Hmm, my skin does that a lot.  If you have it in Australia, I recommend The Body Shop's hemp facial moisturizer.  In the US it retails for $11, so I am not sure what that is in Australia.  I usually just spot that on the problem areas.  Also, if you have Avon there, there are a few for dry skin that work pretty well.  

Hope you skin gets better soon!


----------



## chipmunkvoice (Oct 24, 2007)

^ yep, we have The Body Shop in Australia and i have to agree... the Hemp moisturizer is one of the best ones ive used. If my skin ever gets dry... i always get the Hemp moisturizer out.

Keep your face moisturized. If your face gets too dry and flakey you skin will overproduce oil to make up for the dryness and thats when your face gets too oily.

HTH


----------



## blindpassion (Oct 24, 2007)

I use proactiv but I know people are like "KDJDFHLSDKFKH OMG DONT USE PROACTIV IT SUCKS" lol... but it worked for me!!! *hides in shame*. Anyways, I have skin that sounds just like yours, and my skins gotten 80% better in the past few weeks: heres why.

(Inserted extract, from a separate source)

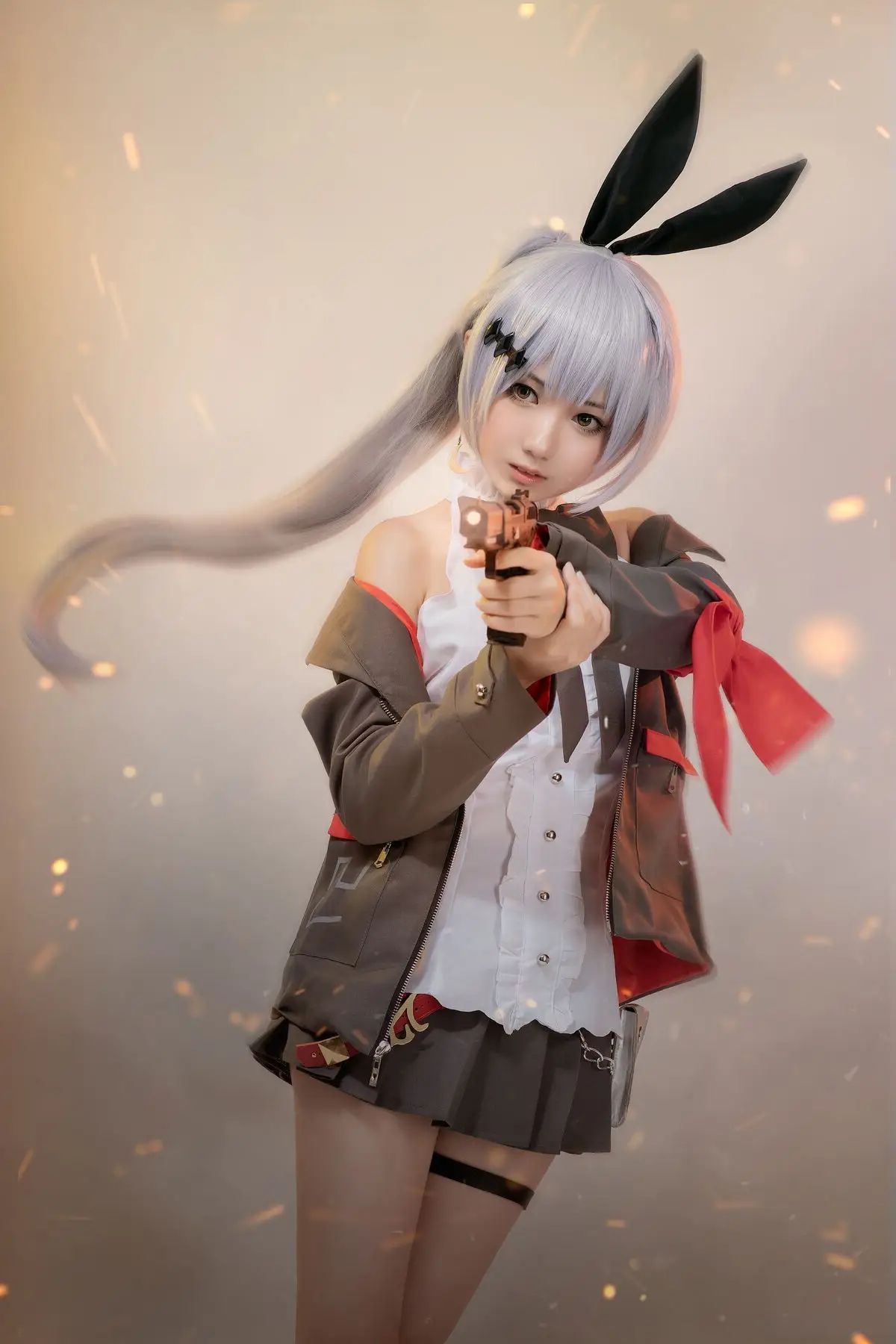 In this captivating photoshoot coser Xiaomuceng Aya masterfully brings to life the character Fn-57 from the popular game Girls' Frontline. She embodies a powerful yet alluring female warrior adorned in a meticulously detailed tactical costume. From the signature bunny ears and flowing silver hair to the firmly held handgun every element is perfectly recreated. Her focused gaze and ready-to-fight stance radiate the courageous and determined spirit of a tactical doll. This is more than just an outstanding portrayal it is a seamless blend of the coser's unique charisma and the essence of Fn-57 offering an impressive and emotional visual experience for viewers.#Coser #XiaomucengAya #GirlsFrontlineFn57 #GirlsFrontlineCosplay #TacticalDoll #AnimeCosplay
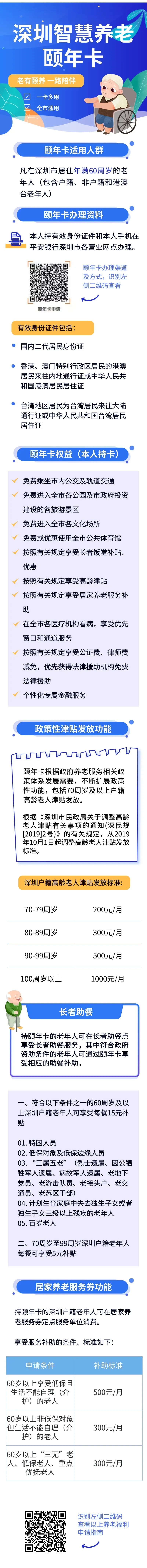 據(jù)悉,凡在深圳市居住年滿60周歲以上的老年人(包含港澳臺(tái)老年人),均可持有效身份證件和手機(jī)申請(qǐng)辦理?!邦U年卡”持卡人,可享受敬老優(yōu)待,包括免費(fèi)進(jìn)入全市各公園,免費(fèi)進(jìn)入市政府投資建設(shè)各旅游景區(qū),免費(fèi)乘坐市內(nèi)公交車和軌道交通。70周歲及以上戶籍老人還可享受高齡津貼發(fā)放;符合規(guī)定的戶籍老年人可享受居家養(yǎng)老消費(fèi)的優(yōu)惠和補(bǔ)貼,包括:生活照料、家政服務(wù)、康復(fù)護(hù)理服務(wù)、日托服務(wù)、心理咨詢等。

I started drinking 6 bottles of water a day.
I stopped eating meat and chicken.
I trippled my vegetable intake.
I STOPPED using MAC liquid foundation (its a nightmare for people with acne prone skin), and started using Bare Minerals.
Granted, you're not going to want to do all of these things, but skin care is very personal... you need to develop a routine that works for you, try some things out until you find what works best.

Three step systems are good, cleanser, toner, lotion.

Avoid touching your face unless your hands are clean... even touching a dirty door handle and then touching your face can result in a breakout, theres a lot of bactera on the surfaces around us. 
	

	
	
		
		

		
			





 Good luck! I know how hard it is!


----------